August 15, 2013 11:19
Paul Michael Glaser (Photo: Pamela Raith)

By

Angela Epstein,

Angela Epstein

5 min read

In the great panoply of iconic male acting roles, the part of an impoverished milkman in turn-of-the-20th-century Russia — transport, horse and cart — and a hot-shot detective who scorches the earth in a red-striped Torino are worlds apart. But no. The two are deeply connected, insists Paul Michael Glaser, who found worldwide fame in 1970s cop show Starsky and Hutch and is now stepping into the shoes of the philosophising Tevye in a UK theatre tour of Fiddler on the Roof.

“Tevye is an everyman — he speaks for everyone, as he tries to reconcile himself to the way life changes,” Glaser says. “In the process, his is a story which cuts across all religions. And Starsky, well, he was an everyman, too. I didn’t play him as Jewish. People often wonder whether he was, but to me he was just ethnic. So I was able to play him lots of ways — sad, whimsical, serious, adult, childish. How many characters do you know that can do that? Tevye is one of them. That’s where the common ground is. In a sense, I’m an everyman, too.”

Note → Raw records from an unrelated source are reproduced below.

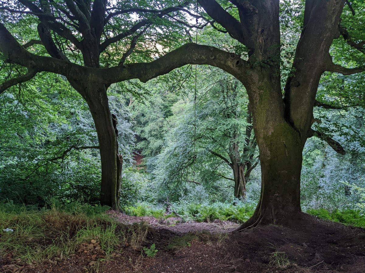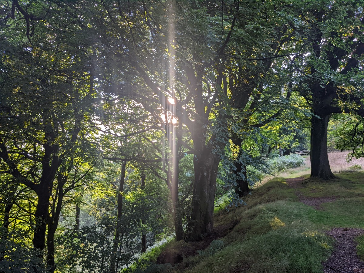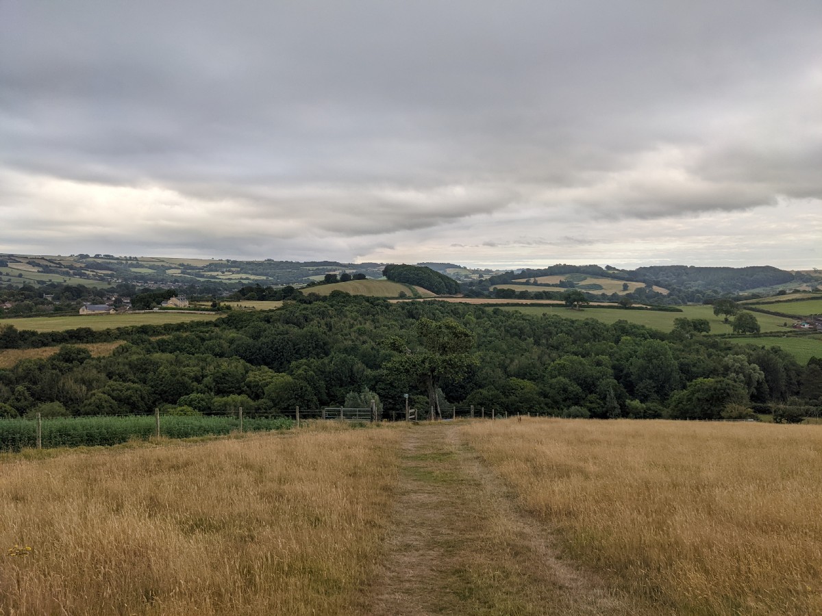 19:50:13 There was another hill between this and the previous photo - Waddon Hill - which apparently is the site of a Roman Fort, but there was no public access other than the footpath skirting along one edge, so I kept on walking to here, Lewesdon Hill. | 19:50:47 Although wooded at the top, there were some occasionally glimpses of views through the gaps in the trees. | 20:01:13 | 20:02:24 I think this is right at the top of Leweson Hill now, which is apparently the highest point in Dorset. |
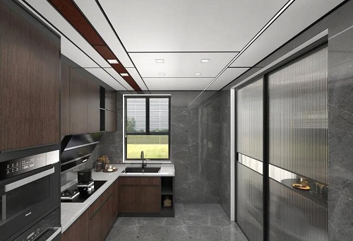 大板吊頂不僅僅是單純的將扣板的尺寸變大,還包括它的整體設(shè)計都是突破了原有小尺寸集成吊頂扣板的局限,是一種吊頂空間的全新跨越,通過與型材線梁的完美組合為消費者帶來不一樣的視覺空間體驗。
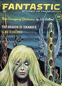 In 1955, Ballard left the RAF and returned to England,[23] where he met and married Helen Mary Matthews, who was a secretary at the Daily Express newspaper; the first of three Ballard children was born in 1956.[24] In December 1956, Ballard became a professional science-fiction writer with the publication of the short stories "Escapement" (in New Worlds magazine) and "Prima Belladonna" (in Science Fantasy magazine).[25] At the New Worlds magazine, the editor, Edward J. Carnell, greatly supported Ballard's science-fiction writing, and published most of his early stories.

Actor, director, writer, poet and campaigner, Glaser has enjoyed a diversely stellar career. Yet for many, he remains frozen in aspic —- or rather a chunky cardigan— as Detective Dave Starsky.

But being synonymous with a role is something he is comfortable with — indeed, he appreciates the irony of now playing a character inextricably linked to Chaim Topol.